The Pope’s Exorcist

Where I Watched it: Netflix

English Audio Description?: Yes

Are you sitting at home watching a film where a creepy child is speaking in an unnatural voice and for some reason crosses are being turned upside down? Did they summon a priest? Is someone clutching a rosary? Are they reading biblical text in Latin?

If you weren’t watching a movie, I’d say you were having a pretty typical Tuesday night. But, you are definitely stuck in an exorcism movie.

Perhaps more so than any horror sub genre, this one has the most obvious tropes. The Conjuring is the closest thing to breaking the mold I can think of by having someone who isn’t an actual priest on hand. It’s just this well read paranormal couple. But luckily for you, this exorcist is about the only reason to watch this.

Russell Crowe is fully invested in this role, giving an old Italian man performance for the ages. his exorcist also truly seems to give zero fucks. He’s ready to crack a joke, and he’s not afraid to stare a demon in the face.
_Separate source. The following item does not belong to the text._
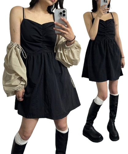 [바캉스룩/레이어드] 나일론 바스락 셔링 나시 미니 원피스 (3col)

The movie wants you to know he is not standard operating procedure through his creative exorcism in the opening scene, as well as a later moment where the Cardinals (who are played by some of the worst actors in Hollywood) berate him and threaten to get rid of him. Again, he just shrugs it off. Zero fucks, remember?

But, sadly, there’s a family… and a kid… and a possession. So, he has to go do his thing. And the director of the film also wants you to know, he thinks this genre sucks too, and needs a bit of levity. The child is first possessed and asks for his mom to call the priest. So, she does, but it’s just the local guy, which leads to a hilarious moment where something happens, and the little possessed boy (looking for Crowe) retorts “wrong priest.”

the problem is that this levity comes and goes, and the director never maintains it. If you look at something recent like Evil Dead Rise, which followed the typical screwed up nature of the franchise while also having those darkly funny moments, you can see it maintain that tone the whole film. It’s never really a comedy, but it has enough to do some chuckling. Here, it’s so random.

Then, even after Crowe gets there, the movie not only doesn’t maintain its tone, but it also starts to not make sense. There’s an exorcism we are given no context to that apparently haunts Crowe, with no backstory. There’s this weird Indiana Jones type of moment where Crowe and Wrong Priest find themselves… somewhere. I won’t spoil it, but it does feel like they should be hunting for the Ark. The longer the movie goes, the worse it gets.

The final ten minutes or so are just so bizarre. it’s like this movie was trying so hard to not be an Exorcist movie that it was experimenting with other genres. I’m half surprised the kid and Crowe didn’t start to solve crimes together or something.

On the audio description front, I’d say don’t watch this without it. There are moments we got that need audio description, like messages carved into the boys skin like stigmata that we wouldn’t be able to see. Plus, it is a horror film, and you want to know what those scary images look like don’t you?

At the same time, i kinda feel like the narration is simplistic. There were times, especially in the third act, where you could just hear loud noises and screaming, plus some random sound effects like a storm was brewing or wind was swirling, selling you on the idea that some major stuff was going down. Yet, the description for what happened always kinda deflated what we saw, like it was the easiest thing to describe in the whole world.

Russell Crowe is absolutely inside this performance the whole time. It was like he truly believed this one performance would revive his career and send him to the A-list. He’s almost entertaining enough to warrant watching the film. But they really saved on money by hiring a barrage of terrible actors to surround him, the film has a fun tone that is terribly inconsistent, and suffers from an overindulgent writer who wants more from this film, but doesn’t have the ability to earn anything, rather just dumping backstory on you without context, and an entire third act that is wildly different from the rest of the movie.

This may be based on a real guy, but I feel like Hollywood took some liberties, and those liberties made his story worse.